Une petite confidence personnelle : elle est comme moi une déclassée par les études, et j'ai souvent éprouvé ce décalage d'avec les brillants bourgeois "éduqués" et homogènes en leurs goûts et talents que j'ai dû alors côtoyer, avec la terreur de ne parfois pas percevoir ce décalage, comme pour la mauvaise haleine, mais que les autres la sentent. Ma solution, bien triste, je vous l'accorde, a été de m'en tenir à la fréquentation des transfuges (pas si rares, grâce à l'inflation des années 80, qui a hissé artificiellement beaucoup d'individus, mais dont les petits-enfants décherront symétriquement avec la déflation et de démantèlement des services publics) ; Valérie Trierweiler s'est jetée courageusement dans le grand bain, et aidée d'une tendance à se taire, s'y est mieux camouflée que je n'aurais su le faire. Elle confesse la situation avec beaucoup d'humilité, sans fausse humilité, et assume avec amour sa famille, ce qu'elle a dû faire pour juste pouvoir étudier et le facteur chance. En cela, elle m'a touchée, je ne le cache pas.

Citations :

  • Je dois essayer les rappels à l'ordre de tous les hauts personnages de l'Etat et des ténoirs du PS. C'est à qui aura la petite phrase la plus dure à mon égard : Jean-Marc Ayrault, Claude Bartolone, Matrine Aubry, François Rebsamen et j'en oublie. Je connais le jeu politique. J'ai été quinze ans journaliste dans ce domaine. Je sais qu'aucun d'entre eux ne se serait persmis ces attaques sans l'aval de François. L'un de mes amies me dira plus tard cette phrase terrible : "C'est Hollande lui-même qui a délivré le permis de tuer."

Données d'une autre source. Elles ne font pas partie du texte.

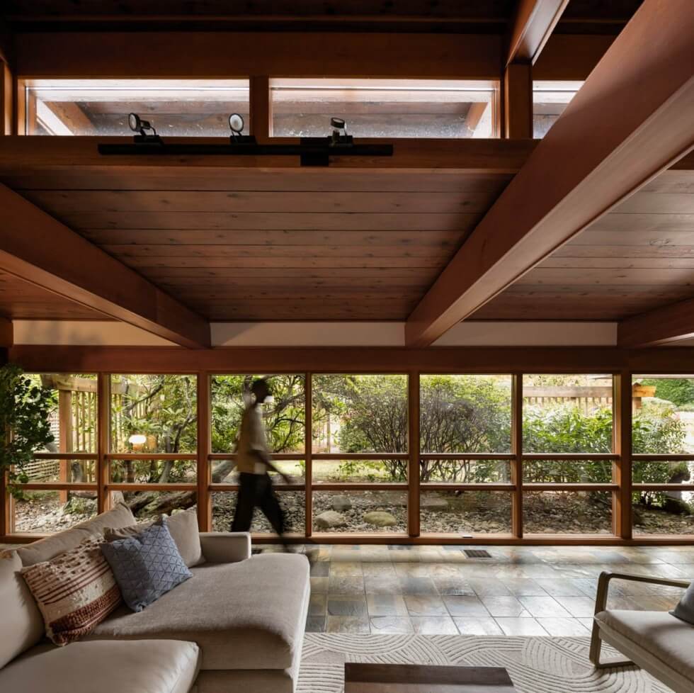 The Lantern House is a fusion of West Coast architecture and Japanese wabi-sabi principles, each space paying homage to Japanese simplicity which extends to the verdant outdoor sanctuary. The interiors feature rich wood beams and cedar planks, while clerestory and floor-to-ceiling windows bask the interiors with natural light. The living spaces offer a sense of calm and tranquility, something that His Holiness, the Dalai Lama himself, blessed.

  • Je connais peu [Valérie Toranian], mais je trouve que cela aurait eu du sens et de l'allure, une nouvelle Françoise Giroud. François me répond :
    - Je ne peux pas faire ça à Giesberg.
    Franz-Olivier Giesberg, alors directeur du Point, est le compagnon de Valérie Toranian. Dans l'esprit de François, qui connaît le problème pour l'avoir vécu, FOG aurait forcément vécu la promotion de sa compagne [au Ministère des Droits de femmes] comme un camouflet personnel. Solidarité de machos.